Risk management is another domain where governments invest heavily and carry out repetitive inspections. Artificial intelligence models have strong fraud detection capabilities and will serve as a trusted assistant to inspectors and administrators.

This is why we are investing in and pioneering AI solutions. We have a dedicated team of AI experts, often holding PhDs in mathematics, working exclusively on our AI capabilities in the context of Trade. Today, we have developed and deployed numerous solutions and already see strong gains in productivity and revenues in the customs administrations working with our products.

  1. What challenges does Webb Fontaine face in accessing African markets?

The overall workplace of digitalisation as well as local internet connectivity are two specific challenges related to African markets.

With that said, starting fresh, not having legacy systems and ageing operations is actually an opportunity for many of the market players to implement modern, best-in-class systems. We believe that the digital capacity of African markets is only going to expand over time and we are excited about it.

Artificial Intelligence models are fully data reliant and another challenge is data quality and content. With that said we have a team of data quality experts and data annotators who prepare data for usage within AI models.

Artificial intelligence transfer learning for specific regions in the African markets is also available. Administrations without strong data capabilities can also benefit from existing models developed in their region.

We have successfully implemented production models working on hundreds of thousands of and we are confident that we can drive the implementation and usage of AI in the context of Trade throughout Africa. Thanks to our local understanding of the African market and are technical capabilities, we can deploy AI solutions within a short time.

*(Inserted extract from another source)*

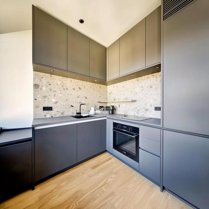 Современная кухня с качественной встроенной техникой и стильными мраморными акцентами

  1. What are your general comments on ethical AI in Trade? What dangers are imminent if AI remains unregulated?

AI models used in international Trade solve clearly defined problems and are trained on expertly narrated data. At Webb Fontane, we believe that until the AI field is mature enough on a global scale, AI should be used as an assistant, or one more opinion, while having government officials in control of decision making. This is the approach we are taking with our AI products and their implementations.

Having already closely collaborated with several administrations in the implementation of artificial intelligence, we are ready and willing to drive the implementation of AI within the region by providing advice and assistance in finding the subtle balance between technological progress and regulations and ethics.

Outside of the context of trade, we all have seen the imminent dangers of AI solutions based suboptimal and biased data. Clearly defined regulation with regards to data sources, data analysis, model development and model application is of great importance.